SM U-44 was one of the 329 submarines serving in the Imperial German Navy in World War I. She was engaged in the naval warfare and took part in the First Battle of the Atlantic. Launched in 1915, she was sunk in August 1917.

Operations 
SM U-44, under the command of Paul Wagenführ, was completed at Danzig about June or July 1915. She later joined the Kiel School, where she remained until 20 August 1915 undergoing trials. She then proceeded to the North Sea and was attached to the 3rd Half Flotilla.
 
25 – 26 September 1915. On Bight patrol.
5–10 October, 16–21 October, and 26–29 October 1915. Bight patrols.
14–25 December 1915. North Sea cruise.
17–28 January 1916. North Sea cruise to NE coast of England.
18 March – 17 April 1916. Northabout to Channel approach, was possibly submarine which torpedoed HMS Begonia. Sank 5 S.S., 2 sailing vessels.
17 May – 3 June 1916. North Sea patrol (Battle of Jutland).
16–21 July 1916. North Sea patrol, Returned with defect.
26 July – 5 August 1916. North Sea. Returned owing to bad weather.
16–21 August 1916. North Sea patrol.
17–29 September 1916. Cruise to Fair Island Channel, sank 2 S.S., 1 armed yacht, 1 armed trawler.
1–25 January 1917. Northabout to SW of Ireland. Returned with fracture of propeller shaft.
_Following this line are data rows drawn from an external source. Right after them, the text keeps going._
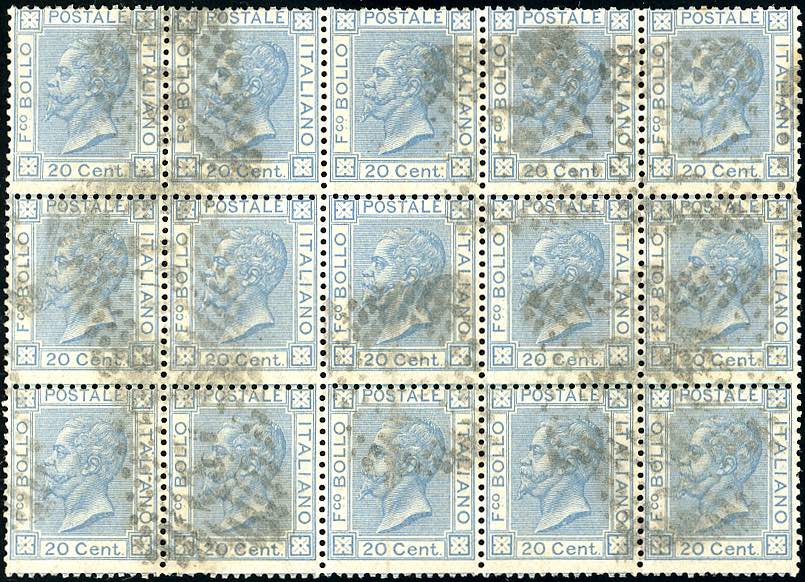 1867 - 20 cent. azzurro, tiratura di Torino (T26), blocco di 15 esemplari usato, lievi difetti su alcuni esemplari, ottimo aspetto. Rarissimo! Cert. Ferrario.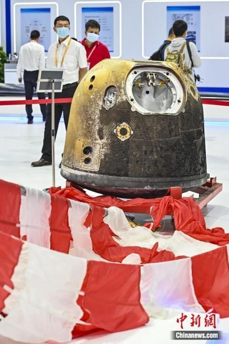▲2021年9月,广东省珠海市,观众在第十三届中国航展上观看嫦娥五号返回舱、降落伞实物。陈骥旻 摄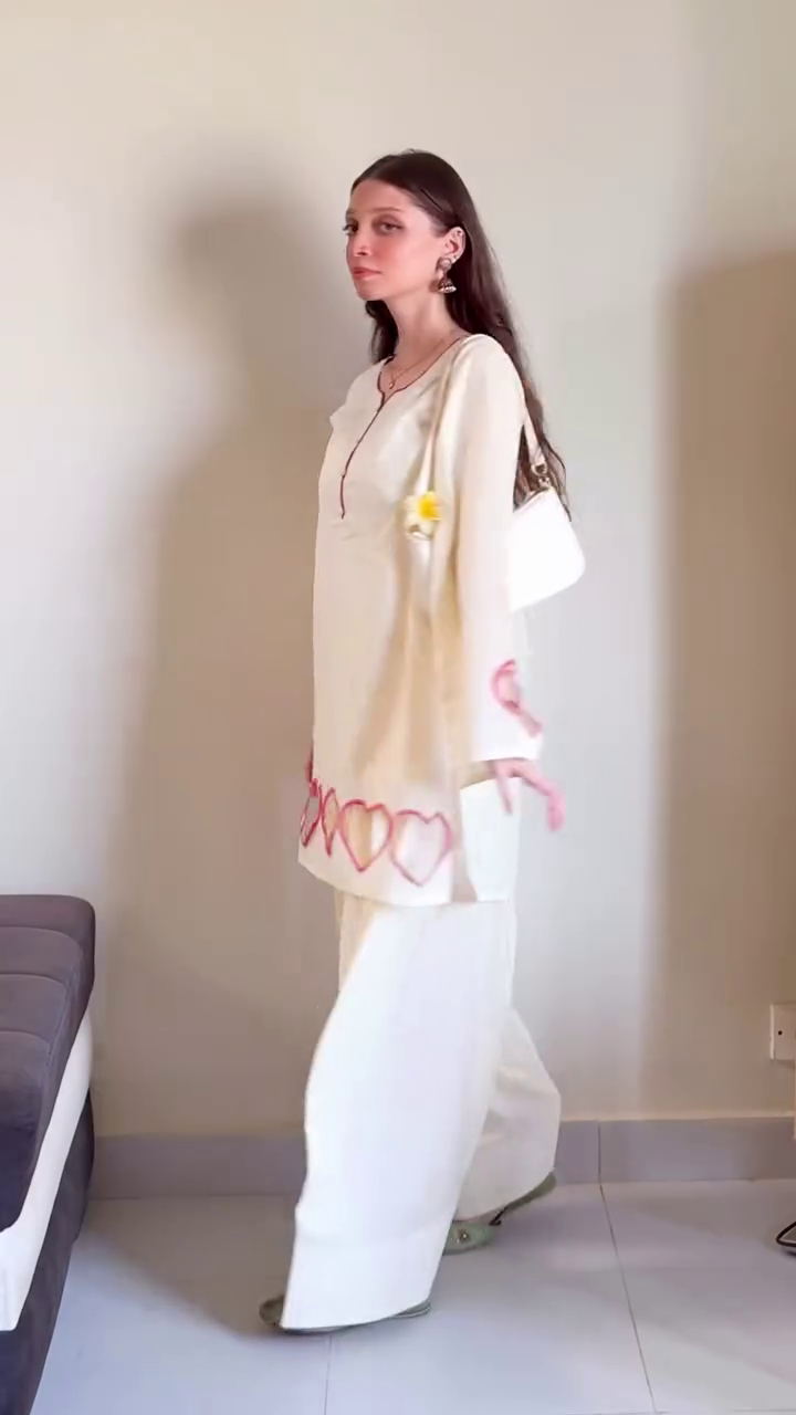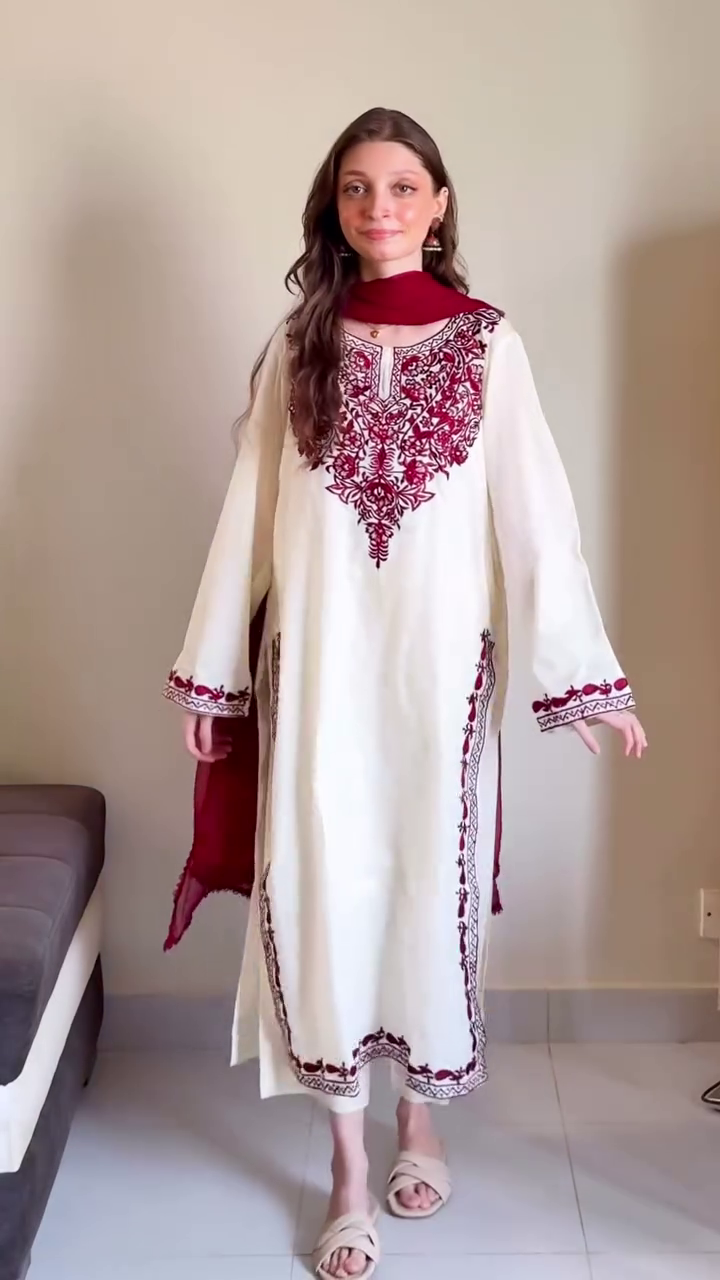 The ivory base creates a soft and graceful foundation, while the rich red embroidery adds depth and sophistication. The straight-cut kurta offers a clean silhouette, making it flattering and versatile. The full sleeves with embroidered borders enhance the detailed aesthetic.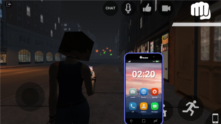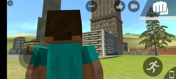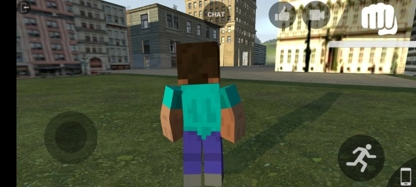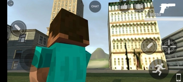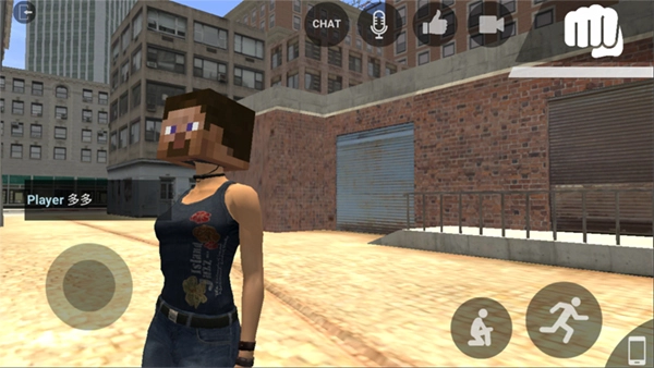 1、进入游戏后,可先点击chat对话。其中,左边的圆圈用于控制前进或后退,右边的圆圈则用于实现蹲下和跳跃操作。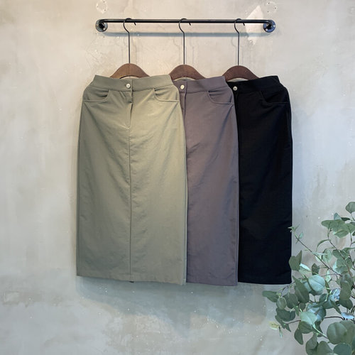데일리앤 마리 봄 가을 밴딩 잔골지 스판 H라인 일자 트임 롱 스커트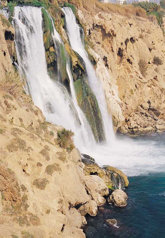 Antalya kent merkezine 8 km uzaklıkta, Lara istikametinde bulunan şelale "Karpuzkaldıran" olarak da bilinir. Düden Nehri'nin denize ulaştığı Lara yolu üzerinden sularını denize 40 metre yükseklikten boşaltır; devasa suyun püskürmesiyle deniz üzerinde bir sis bulutu oluşturur. Yakınında bulunan Gençlik Parkı, şelale manzarası için ideal bir izleme noktasıdır. Parkta kafeterya, otopark ve piknik alanı da bulunmakta; şelale yakınına tekne turları düzenlenmektedir.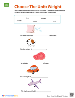 Choose the correct unit of weight for different objects! Enhance measurement skills with this practical math worksheet. Explore and improve measurement!
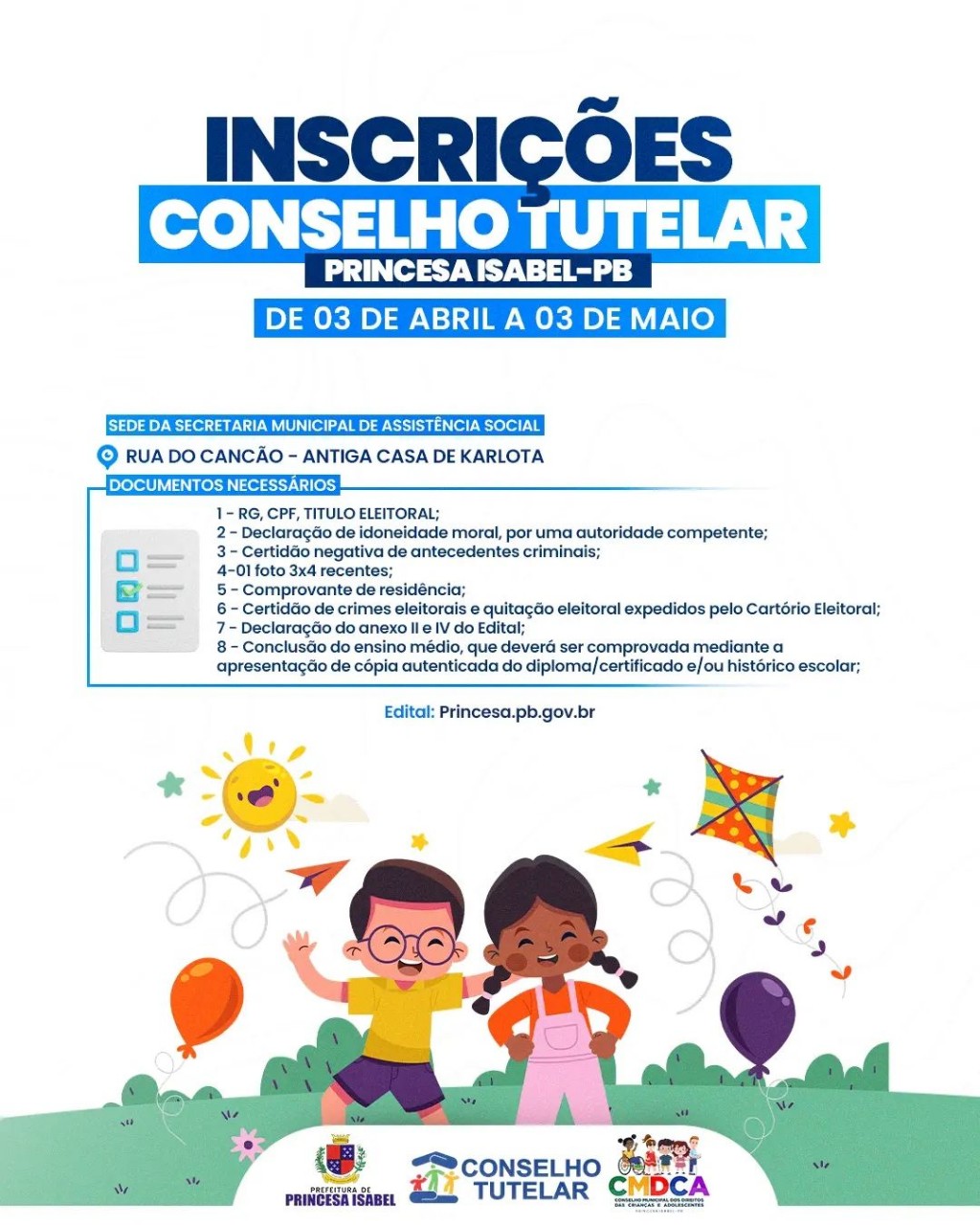 Inscrições abertas.Confira o edital completo em Princesa.pb.gov.br

Sank 1 S.S., 3 prizes (trawlers).
19 February 1917. Left for the North, but returned next day with defect.
24 February – 24 March 1917. Northabout to Atlantic. Sank 3 sailing vessels, and 5 S.S.
23 April - ? 7 May 1917. Northabout ? to west of Ireland. Sank 1 sailing vessel ? 1 S.S.

On 12 August 1917, U-44 was rammed and sunk in the North Sea south of Norway () by the Royal Navy destroyer  with the loss of all 44 of her crew.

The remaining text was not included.